JNJ is one of the companies leading the development for a Covid-19 vaccine, which, if successful, could be available for emergency use in early 2021. Unless the Covid-19 coronavirus disappears — which was what happened with the SARS virus — the world would need multiple vaccines developed by several companies to meet global demand.

The Global Portfolio fell 0.7% for the week ended May 28. As mentioned, cyclicals are enjoying a return in investor interest while tech stocks saw mild profit-taking after their strong run.

Homebuilder Lennar and building material companies BMC Stock and Builders FirstSource as well as The Boeing Company were among the top gainers in our basket of stocks.

Shares in Alibaba Group Holding, on the other hand, were buffeted by rising tensions between the US and China.
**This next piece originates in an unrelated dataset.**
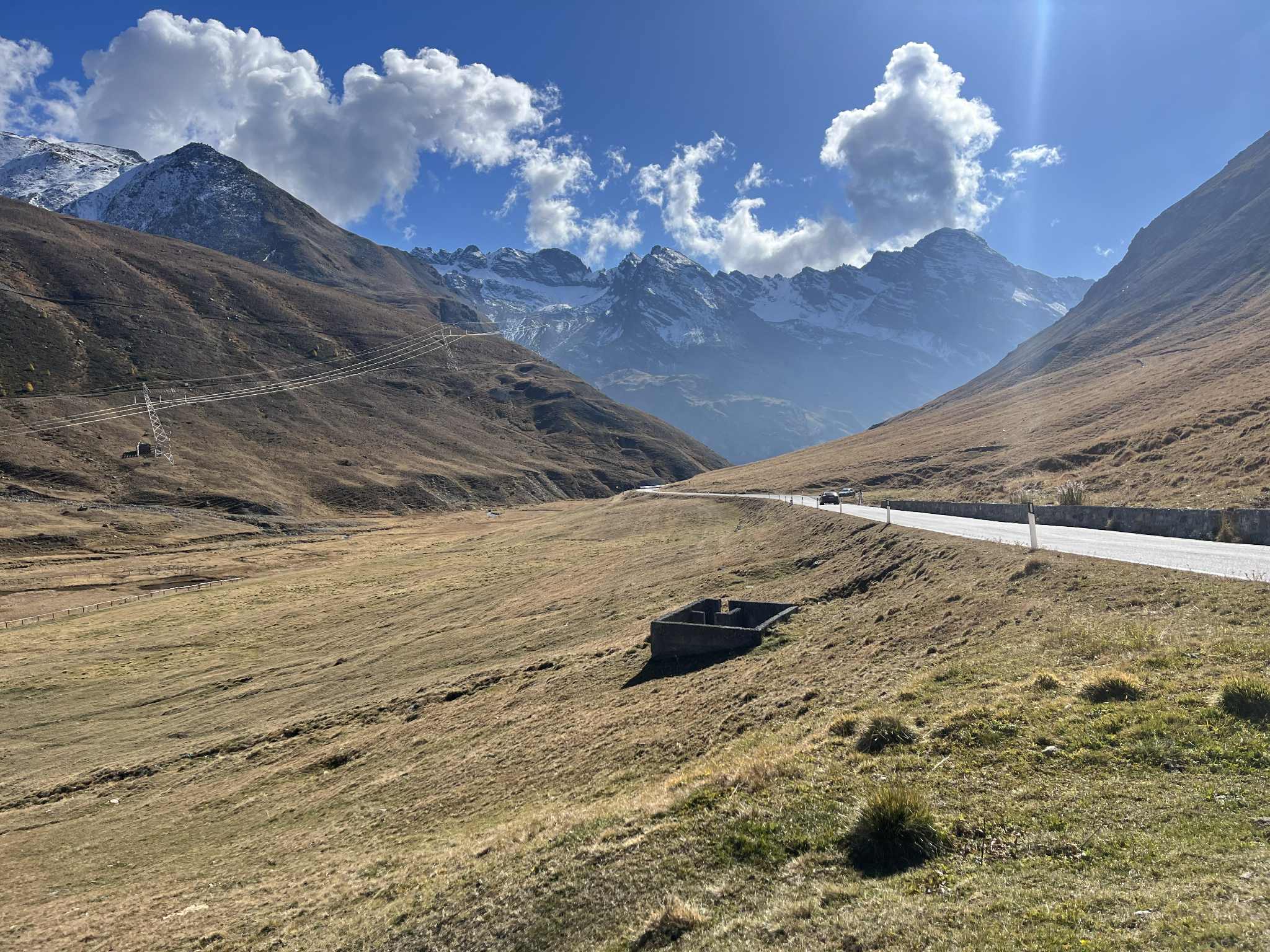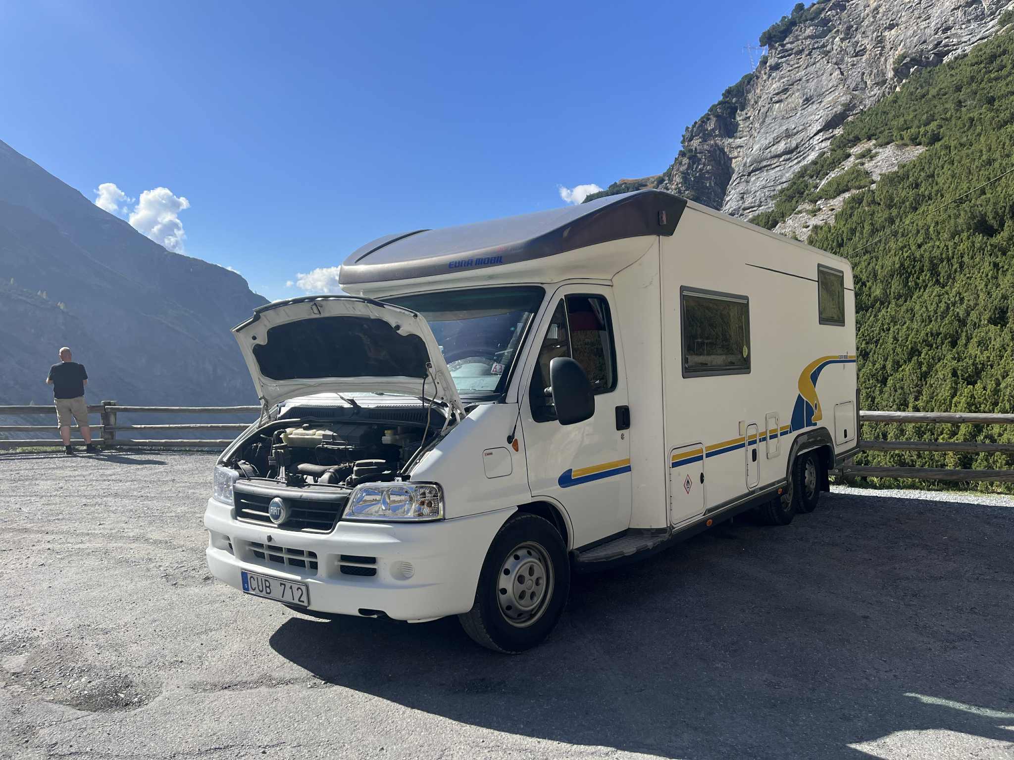 Nu börjar vi inse att detta kommer bli en tuff resa. Det finns inte ett enda flackt parti, så vi stannar med jämna mellanrum för att kyla motorn – det blir kallare ju högre upp vi kommer. Vägarna blir till serpentinvägar där man verkligen inte vill möta någon i kurvan. Det är så snävt att man nästan ser bakdelen på husbilen! Men det går ändå bra, motortempen håller sig normal. Jag använder ett gammalt knep: full värme i kupén. Det funkade förr, och det funkar nu också – bilen är ju från 2004.

In the previous week, the Senate passed a bill that allows it to delist Chinese companies from US stock exchanges based on certain criteria, including inability to audit financial statements.

Total portfolio returns now stand at 11% since inception. By comparison, the benchmark MSCI World Net Return Index is up by 6.5% over the same period.

Disclaimer: This is a personal portfolio for information purposes only and does not constitute a recommendation or solicitation or expression of views to influence readers to buy/sell stocks, including the particular stocks mentioned herein. It does not take into account an individual investor’s particular financial situation, investment objectives, investment horizon, risk profile and/or risk preference. Our shareholders, directors and employees may have positions in or may be materially interested in any of the stocks. We may also have or have had dealings with or may provide or have provided content services to the companies mentioned in the reports.